Nonlinear Evolution of Global Hydrodynamic Shallow-Water Instability in Solar Tachocline
Mausumi Dikpati

TL;DR
This paper develops a nonlinear hydrodynamic shallow-water model of the solar tachocline, revealing how differential rotation and disturbances generate jets, gravity waves, and influence the tachocline's dynamics.
Contribution
It introduces a fully nonlinear, semi-implicit spectral model of the solar tachocline that captures complex hydrodynamic interactions and stability properties.
Findings
High latitude jets form from unstable disturbances.
Reynolds stresses drive differential rotation evolution.

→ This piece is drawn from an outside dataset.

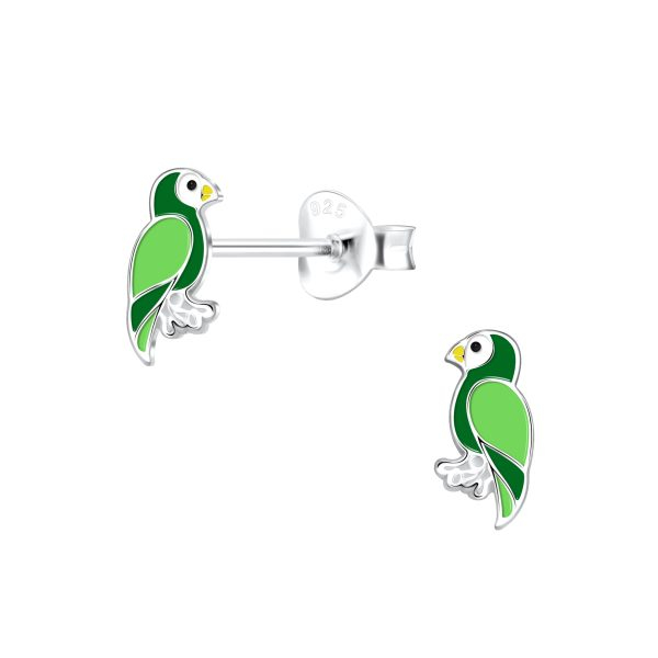 Silver Parrot Stud Earrings
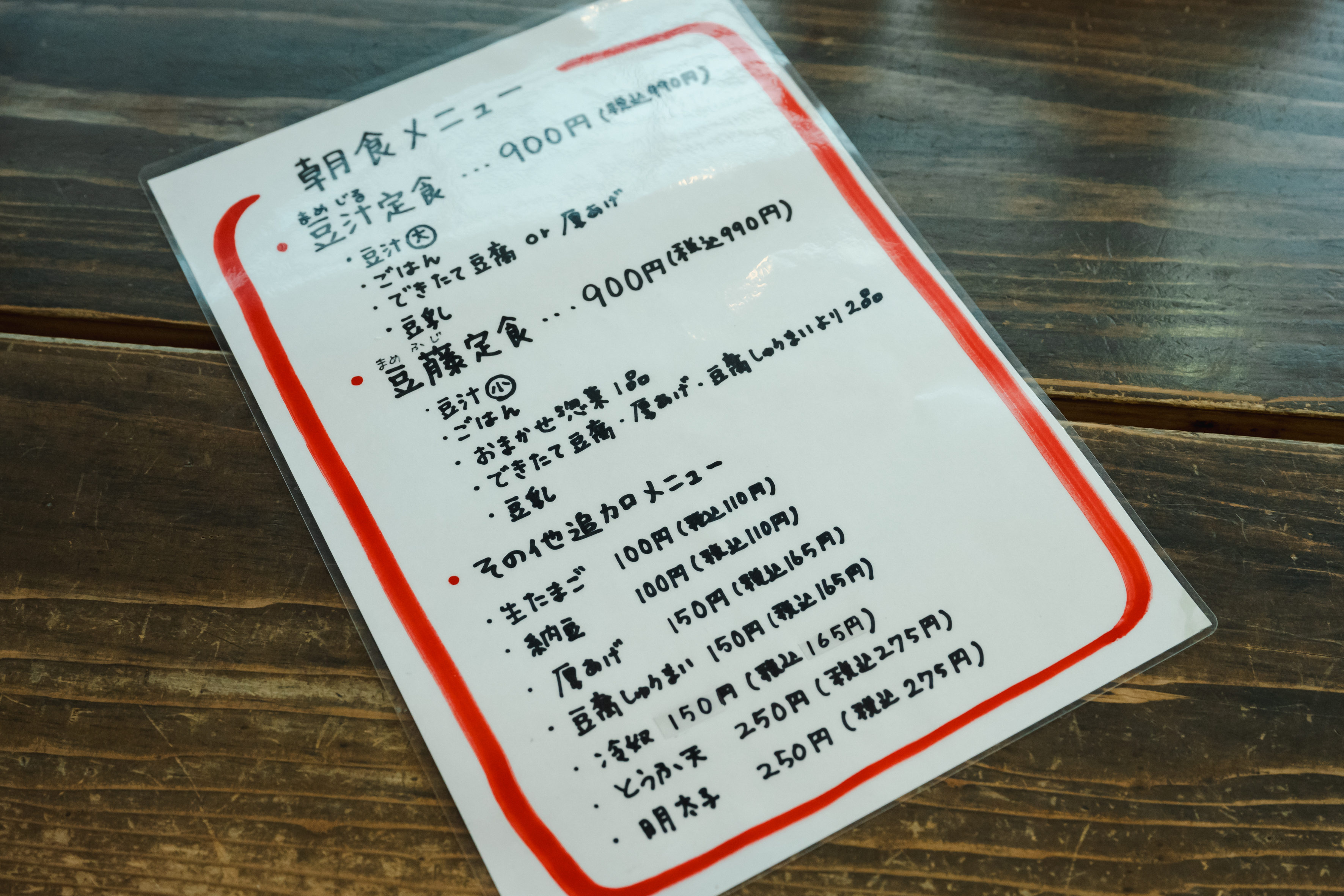 同店は午前8時にオープン。朝食メニューを見ると、「豆汁定食」と「豆藤定食」の2種類があります。特に女性に大人気という「豆藤定食」(990円)を注文します。朝食は11時30分まで注文できますが、限定50食のためお昼前には完売することも。

Disturbance energy concentrates in low wavenumbers.
Abstract
We present a fully nonlinear hydrodynamic 'shallow water' model of the solar tachocline. The model consists of a global spherical shell of differentially rotating fluid, which has a deformable top, thus allowing motions in radial directions along with latitude and longitude directions. When the system is perturbed, in the course of its nonlinear evolution it can generate unstable low-frequency shallow-water shear modes from the differential rotation, high-frequency gravity waves, and their interactions. Radiative and overshoot tachoclines are characterized in this model by high and low effective gravity values respectively. Building a semi-implicit spectral scheme containing very low numerical diffusion, we perform nonlinear evolution of shallow-water modes. Our first results show that, (i) high latitude jets or polar spin-up occurs due to nonlinear evolution of unstable hydrodynamic…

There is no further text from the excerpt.